Watch the video where I demonstrate how to draw light and dark ovals of different sizes as relaxed as possible.
Recording: De Foto Firma
Exercise: Try to imitate the exercise from the video. Move your arm as relaxed as possible, without bending your wrist or squeezing your pencil. Start the movement in the air before you hit the paper. Let your hand gently glide over the paper while drawing. Try it both clockwise and and counterclockwise.
Exercise 2: While rotating flat ovals, move up or down on your paper. Let your hand gently slide over the paper on the side of your little finger and keep your wrist and fingers relaxed. Try to keep the ovals the same width. It now becomes a so-called helix.

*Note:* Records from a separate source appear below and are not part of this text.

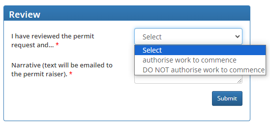 Select an option from the following and a note for the permit raiser, and then select Submit. You may also be required to provide a digital signature in order to complete this step.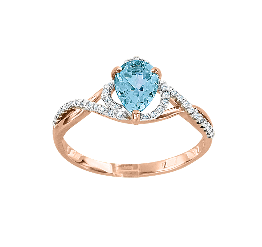 attraktiver Damenring aus 585er Gold mit Zirkonia und blau Topas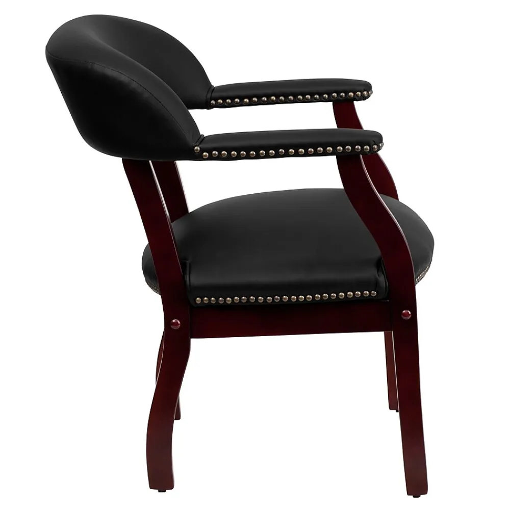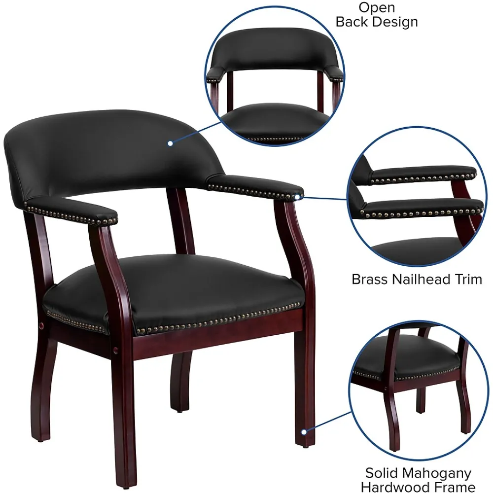 Invite clients, vendors or staff to meet in your executive office with this Flash Furniture fixed-arm conference chair. The luxurious LeatherSoft upholstery delivers upscale style and an inviting texture, while the brass nailhead trim accents give this chair a classic look. Thickly padded, curved cushions offer added support and comfort for long meetings, so your VIP guests can enjoy a better seating experience. With padded fixed arms, this chair provides a convenient way to rest the upper back and shoulders. Durable construction ensures long-lasting use in your waiting room, boardroom or private office, while the rich mahogany finish on this Flash Furniture fixed-arm conference chair adds a refined finishing touch.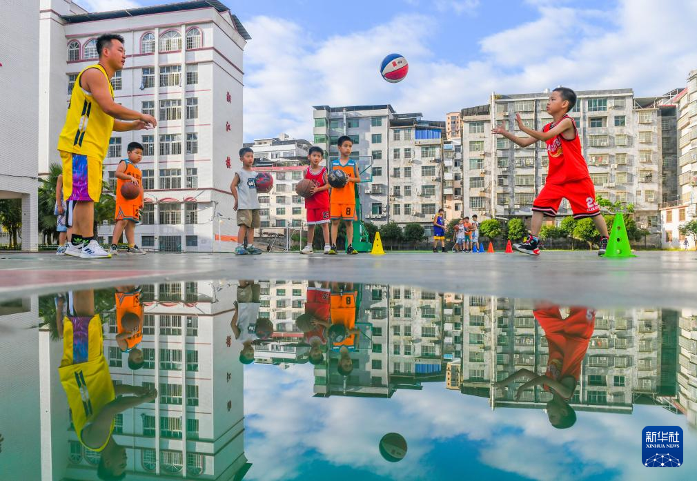 7月19日,在湖南省永州市道县树湘学校篮球训练营,孩子们参加篮球训练。

In a tornado, that helix becomes wider towards the top and sometimes changes direction.
Exercise 3: Draw one or more tornadoes. Try small and big ones. Draw your tornadoes in one line, so without letting go of the paper in between! This way your drawing hand becomes increasingly flexible. If you like it, you can make up things that are thrown into the air by the whirlwind. Hopefully everything lands safely on the ground again.
Of course, real screw threads can’t be drawn so casually; the spirally connected ovals must all be drawn equally diagonally and be exactly the same width everywhere. With two vertical assisting lines you ensure that the thread is the same width everywhere. If you draw everything lightly in the beginning, you can then make the thread more real with some light-dark contrast and shadows.